Jakarta (Greeners) – Tim Balai Konservasi Sumber Daya Alam (BKSDA) Aceh bersama dengan personel Wildlife Conservation Society-Indonesia Program (WCS-IP) dan HOCRU-OIC mengevakuasi orangutan sumatera (Pongo abelii) yang terdiri dari anak dan induknya. Dari informasi terbaru, diketahui induk orangutan dalam kondisi terluka parah terkena benda tajam pada tangan kanan, kaki kanan, punggung dan 74 butir peluru senapan angin ditemukan di sekujur tubuhnya. Peluru juga mengenai mata kanan mamalia malang ini. Bayi urangutan berumur satu bulan yang ditemukan bersamanya meninggal dalam proses evakuasi.
Upaya evakuasi bermula dari laporan warga bernama Sanita kepada petugas BKSDA Aceh tentang terjadinya konflik orangutan di Desa Bunga Tanjung, Kecamatan Sultan Daulat, Kota Subulussalam, Aceh. Tanggal 9 Maret 2019, tim BKSDA melakukan pengecekan ke lokasi dan dijumpai satu individu orangutan berikut sarang dan bekas makanan seperti pelepah daun sawit dan daun kelapa.
“Dari pemeriksaan medis luka-luka yang ada di tubuh orangutan ini sudah ada sejak 2-3 bulan terutama luka akibat peluru senapan angin.

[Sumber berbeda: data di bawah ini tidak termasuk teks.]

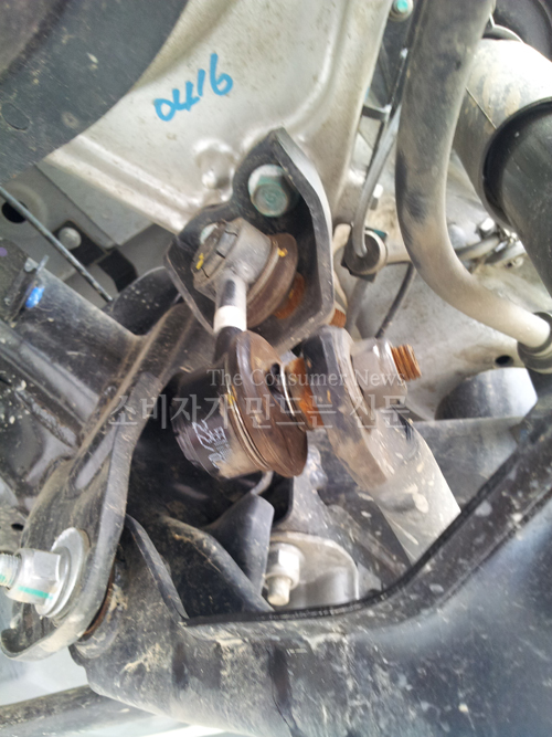 하지만 수리 후에도 똑같은 소음이 반복돼 차량 곳곳을 살펴 본 최 씨는 기가 막혔다. 얼마 전 수리를 받은 차량 하부의 브레이크 디스크 및 머플러 용접부위 볼트가 녹슬어 있는 상태였던 것.
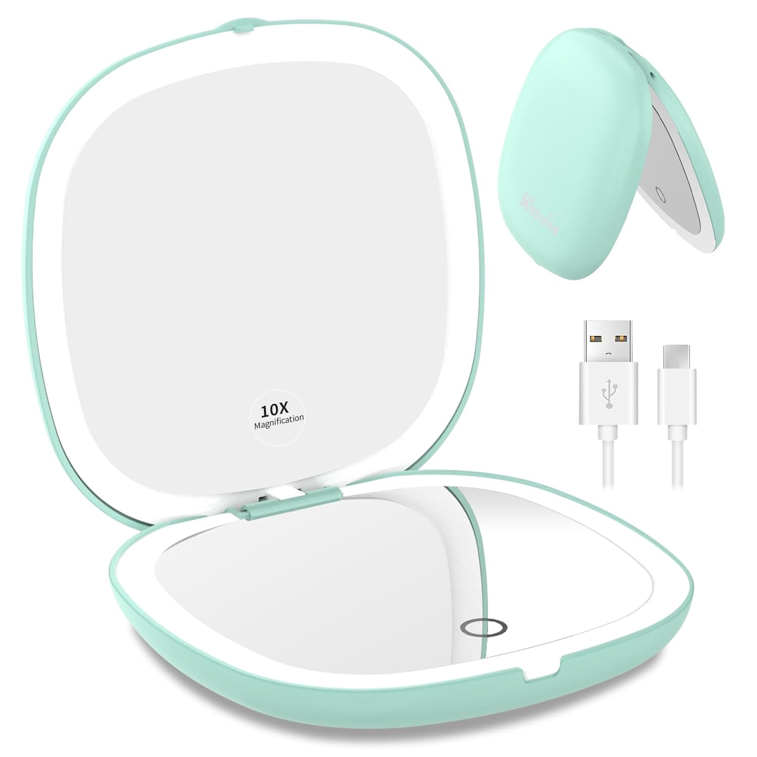 WOBSION Rechargeable Lighted Travel Makeup Mirror,1x/10x Compact Magnifying Mirror with Lights,Portable for Bag,4inch,Gift,Cyan
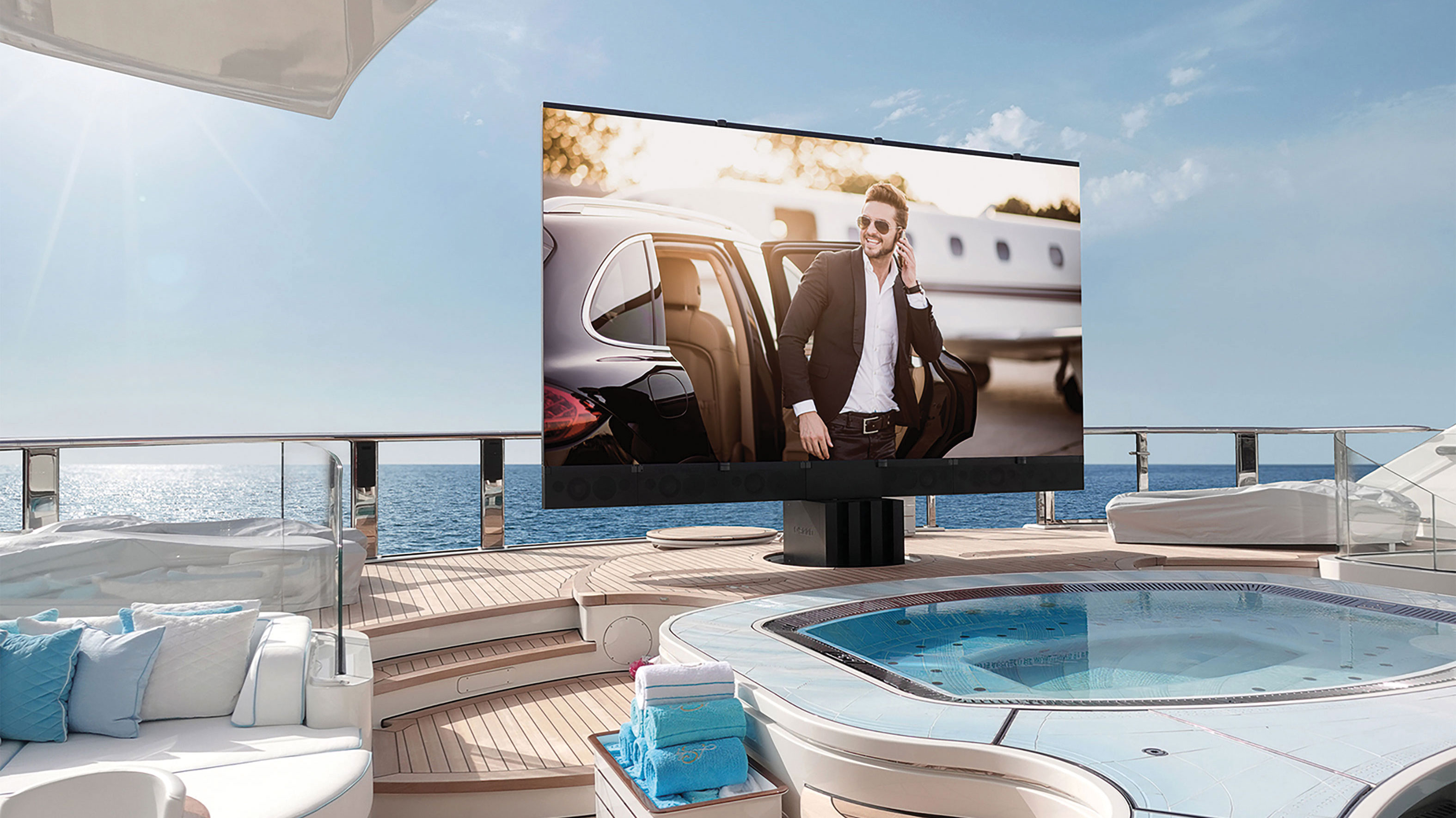 A C SEED TV isn’t just larger than conventional screens, which typically max out at 100 inches. “It can rotate up to 180 degrees for use between different areas or decks. Imagine a swimming or spa pool on one side and dining or seating on the other. The TV can be positioned in the middle and rotate between areas,” he says. “Most of the yacht projects we work on require customisations to the TV to make it fit, and we’re happy to do this.”
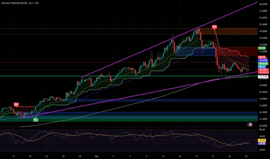 Silver 4 saatlik grafikte 54.500 üzerinde 4 saatlik kapanış gelmediği sürece alt bölge kanalımız olan 47.450 seviyelerini tekrardan test edebilir.
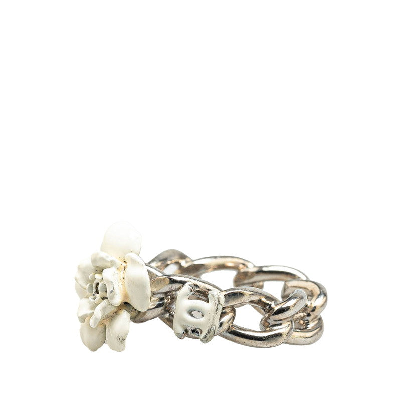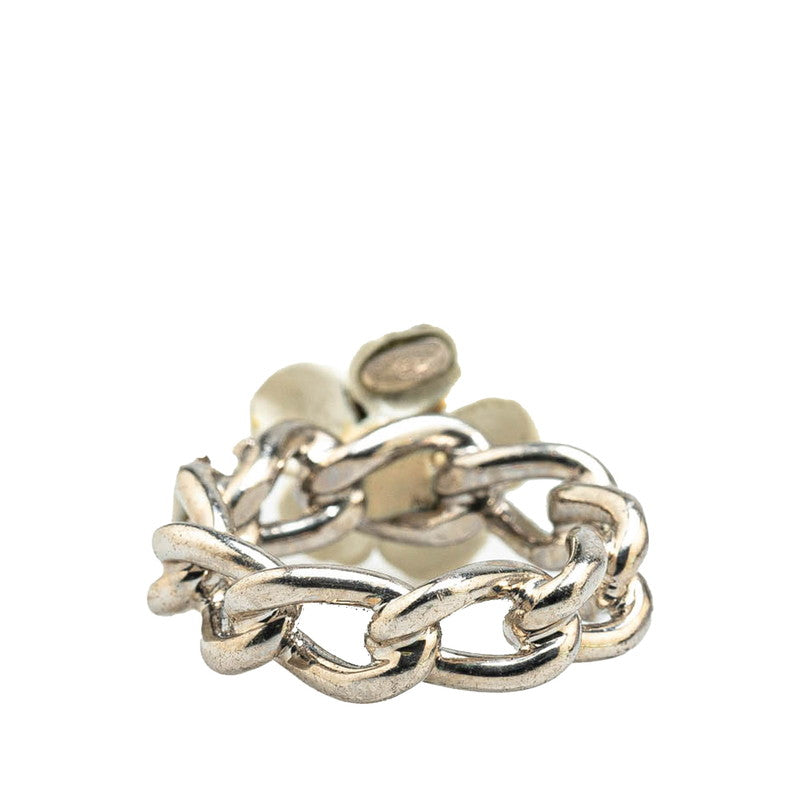 シャネル カメリア ココマーク チェーン リング 指輪 シルバー ホワイト メタル レディース CHANEL 【中古】
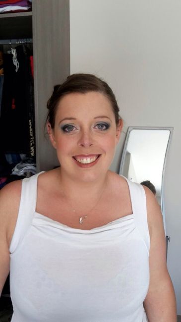 Samedi dernier j'ai eu un avant goût du mariage (coiffeuse, maquilleuse, essayage de robe). Qu'en pensez vous ? Je trouve que le maquillage met plutôt mes yeux en valeur, mais est-ce trop ? Il y a des petits cheveux qui traînent sur ma coiffure, elle...
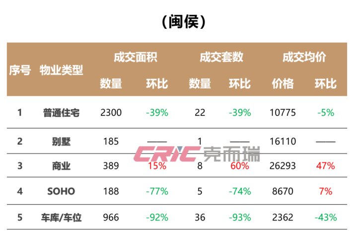 上周五区平凡住宅成交量环比小幅高涨,主力成交模式为保利屏西天悦,成交均价则受刚需住宅占比高涨,环比大幅下滑;上周闽侯平凡住宅成交量环比下滑显着,国贸江屿原为主力成交,成交均价环比下滑。
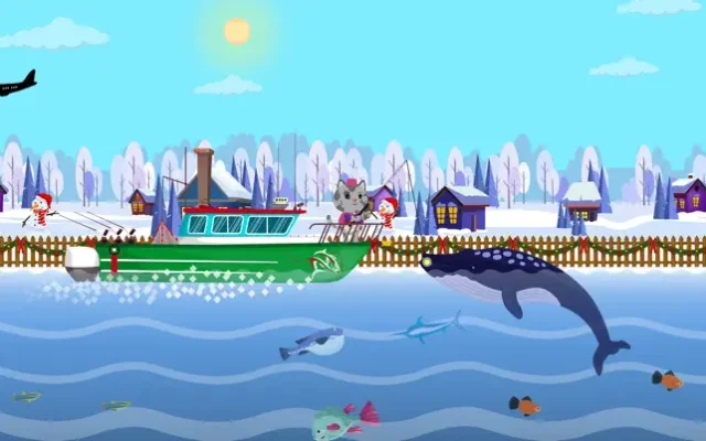 One of the main features of Cat fishing is the ability to travel to different locations around the world and fish at famous fishing spots. The game offers 5 beautiful environments and 10 amazing boats for players to unlock and explore the vast sea. In addition, players can upgrade their fishing rod, reel, and rod line length to improve their chances of catching rare and valuable fish.

Artinya sudah cukup lama orangutan ini di kebun masyarakat tapi tidak ada pelaporan ke kami,” ujar Kepala BKSDA Aceh Sapto Aji kepada Greeners saat dihubungi melalui telepon, Rabu (13/03/2019).
BACA JUGA: Pengesahan RUU Konservasi Terus Tertunda, UU No. 5/1990 Dianggap Masih Relevan
Sapto mengatakan kalau orangutan tersebut terisolasi di kebun sawit milik seorang warga. Menurut warga setempat orangutan tersebut dalam kondisi kurang sehat. Berdasarkan pengakuan anak-anak di sekitar areal kejadian menyatakan orangutan tersebut sudah terkena alat dodos kelapa sawit dan anak orangutan tersebut sempat diambil dari induknya.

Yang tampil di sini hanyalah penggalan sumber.